Für das Begehren der Klägerin ist der Sekundäranspruch in Gestalt des Folgenbeseitigungsanspruchs ausreichend, aber auch erforderlich. Während der das Schadensersatzrecht beherrschende Anspruch auf Naturalrestitution sich hypothetisch an der Zukunft orientiert, ist der Wiederherstellungsanspruch aus dem Folgenbeseitigungsanspruch auf einen Zustand in der Vergangenheit - unter Abschneiden einer eventuellen künftigen Entwicklung - gerichtet. Dementsprechend ändert es nichts am Bestehen des Anspruchs, dass nach § 10
Abs. 1 Satz 2 UrlV Urlaub, der nicht bis zum 30. April des folgenden Jahres angetreten ist, grundsätzlich verfällt, was bei der Klägerin im Jahr 2013 auch tatsächlich hinsichtlich eines Teils ihre Jahresurlaubs 2012 geschehen ist. Ein Mitverschulden der Klägerin entsprechend § 254
BGB, das auch beim Folgenbeseitigungsanspruch zu berücksichtigen wäre, ist nicht ersichtlich. Sie hat erstmal mit der E-Mail vom 13. Januar 2012 Kenntnis von ihrem auf der Grundlage des § 3
Abs. 7 Satz 4 UrlV neu berechneten Urlaubsanspruchs für 2011 erlangt. Auch der Beklagtenvertreter hat hierzu in der mündlichen Verhandlung erklärt, dass im Jahr 2011 aufgrund offener Detailfragen eine korrekte Berechnung nicht habe erfolgen können.

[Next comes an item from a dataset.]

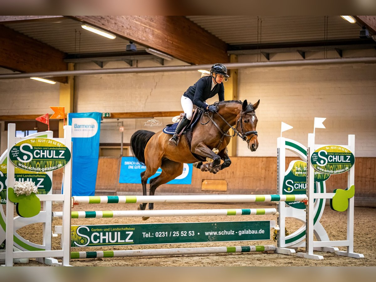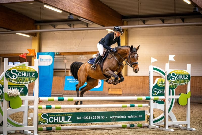Zum Verkauf steht eine 6-jährige hoch im Blut stehende, braune Stute aus eigener Zucht. Sie hat ein aktuelles Stockmaß von ca. 164 cm. Diese Stute konnte bereits im Herbst 2024 erste Turniererfahrung sammeln und sich in Springpferde A platzieren. Sie zeigt sich stets brav und zuverlässig – egal ob in der Halle, am Platz oder im Gelände. Diese junge Stute springt gerne und hat Go. Erste Erfahrung mit Amateurin auf der Geländestrecke sowie einem Orientierungsritt meisterte sie brav. Im Umgang ist sie freundlich, unkompliziert und sehr brav – sowohl beim Schmied als auch beim Verladen oder in der Herde. Im letzten Jahr wurde sie von einer junge Amateurin stallintern mitgeritten, daher keine Turniervorstellung 2025. Sie ist natürlich regelmäßig geimpft, entwurmt und dem Schmied vorgestellt worden. Es ist kein TÜV vorhanden, dieser kann aber auf Wunsch gemacht werden. Eine interessante Stute für Springen, Vielseitigkeit oder Freizeit. Wir wünschen uns für diese junge Stute ein 5* Zuhause mit genügend Bespaßung sowie entsprechender Förderung. Bei Interesse am besten anrufen oder WhatsApp unter 0171-4239087. Weitere Infos gerne im persönlichen Gespräch.

Hieraus folgt, dass der Urlaubsanspruch der Klägerin für das Jahr 2011 unter Außerachtlassung der Anwendung des § 3
Abs. 7 Satz 4 UrlV zu berechnen gewesen wäre. Dann aber hätten der Klägerin 30 statt 29 Urlaubstage zugestanden. Sie hat daher aus dem Jahr 2011 noch einen Anspruch auf einen weiteren Urlaubstag.
3. Die Kostenentscheidung stützt sich auf § 154
Abs. 1
VwGO. Die Entscheidung über die vorläufige Vollstreckbarkeit beruht auf § 167
Abs. 1
VwGO i. V. m. § 708
Nr. 11
ZPO. Der Einräumung einer Abwendungsbefugnis nach § 711
ZPO bedurfte es angesichts der allenfalls geringen vorläufig vollstreckbaren Aufwendungen der Klägerin nicht.
4. Gründe für eine Zulassung der Berufung durch das Verwaltungsgericht nach § 124
Abs. 1, § 124a
Abs. 1 Satz 1
i. V. m. § 124
Abs. 2 Nrn. 3 und 4
VwGO liegen nicht vor. Dem Klageanspruch wurde nicht aufgrund genereller Erwägungen zur Rechtmäßigkeit
bzw. Rechtswidrigkeit des § 3
Abs. 7 Satz 4 UrlV, sondern wegen der Besonderheiten der Fallgestaltung bei der erstmaligen Umsetzung der Neuregelung im Übergangsjahr 2011 entsprochen.